Codec / DSP / Signal-Processing DSLs Family Index


type: language-family-index family: codec-and-dsp languages_catalogued: 17 tags: [language-reference, family-index, codec-and-dsp, dsp, signal-processing, audio, video, ffmpeg, gstreamer, cmajor, soul, codec]

Codec / DSP / Signal-Processing DSLs — Family Index

Family overview

This family covers the engineering side of audio/video DSP languages — the textual notations that describe digital-signal-processing graphs, codec parameter sets, filter chains, and real-time pipelines deployed inside encoders, broadcast plants, telecoms stacks, and embedded MCUs.
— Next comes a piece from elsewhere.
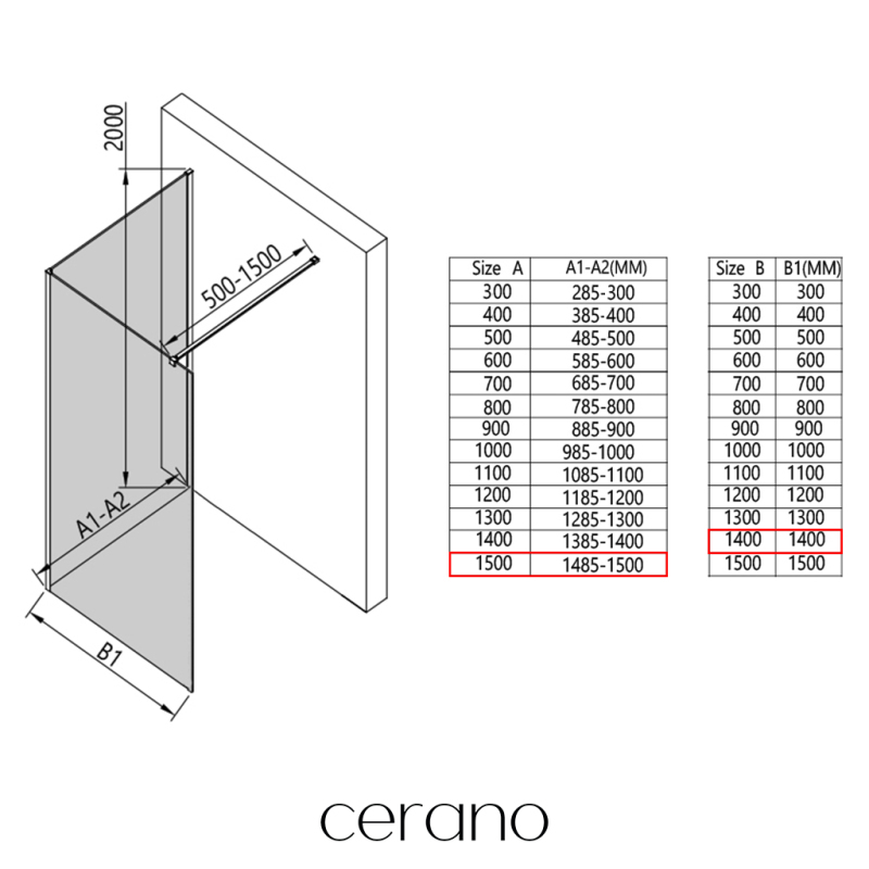 V rámci tejto série ponúkame širokú škálu rozmerov, aby sme uspokojili rôzne potreby našich zákazníkov. Všetky sprchové kúty, dvere a zásteny značky Cerano sú plne kompatibilné so sprchovými vaničkami Cerano v rovnakých rozmeroch, čo zaisťuje bezproblémovú inštaláciu a dokonalé zladenie. Sprchovací kút je možné navyše inštalovať flexibilne – buď na zodpovedajúcu sprchovú vaničku, alebo priamo na podlahu podľa vašich preferencií a možností kúpeľne.
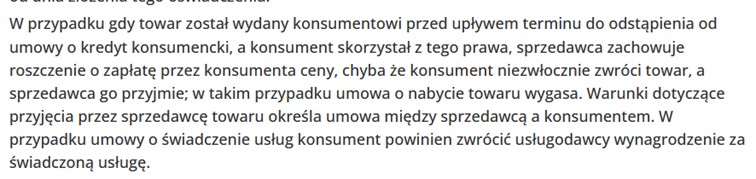 Jeśli jesteś czytelnikiem Antychwilówki to wiesz najpewniej, że w ustawie o kredycie konsumenckim funkcjonuje coś takiego jak sankcja kredytu darmowego. Sankcja kredytu darmowego polega na tym, że konsument, po złożeniu pisemnego oświadczenia, uchyla się od obowiązku zapłaty wszystkich kosztów wynikających z zawartej umowy o kredyt konsumencki i spłaca jedynie pożyczony kapitał kredytu w równych ratach – zgodnych z pierwotnych harmonogramem. Jak więc widzisz są pewne podobieństwa pomiędzy sankcją kredytu darmowego (art. 45 ust. 1 ustawy o kredycie konsumenckim) a odstąpieniem od umowy o kredyt po myśli art. 53 ust. 2 ustawy o kredycie konsumenckim.

Its sibling family music-audio covers the creative side: Csound, SuperCollider, ChucK, Faust-as-instrument, and the live-coding hosts. The line between them is fuzzy (Faust legitimately belongs to both, and Cmajor is rapidly crossing it as plug-in vendors adopt it), but the centre of mass is clear: the music family is about expressing a piece, this family is about expressing a processor.

The defining tension in DSP-language design is determinism. A general-purpose language guarantees nothing about timing, allocation, or bit-exactness — fatal properties when 48 kHz of audio with a 128-sample buffer leaves the CPU 2.67 ms to compute every block, and a single missed deadline is an audible click. SOUL (Sound Object-Oriented Language, Julian Storer / ROLI / JUCE, public beta 2019) was the first serious attempt at “JavaScript for DSP” — a high-level language with formal guarantees about no GC, no allocation in the audio thread, deterministic processing, and bit-identical output across platforms. SOUL was deprecated and archived in 2022 when ROLI’s bankruptcy unwound the team; Storer reincarnated the design as Cmajor at SoundStacks, which has been in active development since 2021 and is now the de facto modern DSP language for plug-in authoring (JIT-compilable, browser-runnable via the Cmajor JIT, with a JUCE exporter). Faust (GRAME/INRIA, 2002+) covers similar ground via a different route — a pure functional block-diagram algebra that compiles to C++/LLVM/Wasm/Web Audio — and is dual-listed in music-audio.

The most-used DSP DSLs on Earth are not language-design exercises but filter-graph mini-languages embedded in command-line tools. FFmpeg’s filter-graph syntax[in1][in2]filter=arg1=v1:arg2=v2[out], with chains separated by ; and labels in [brackets] — has a formal grammar (libavfilter/graphparser.c) and probably appears in more shell scripts and CI pipelines than any music-DSP language has total users. GStreamer’s gst-launch-1.0 pipeline syntax does the same job for the GNOME / freedesktop stack: videotestsrc ! videoconvert ! autovideosink reads as a Unix-pipe analogue but is parsed by gst_parse_launch() into a real element graph. Microsoft’s legacy DirectShow filter-graph notation played the same role for Windows multimedia from the late 1990s to mid-2010s and still surfaces in legacy capture stacks.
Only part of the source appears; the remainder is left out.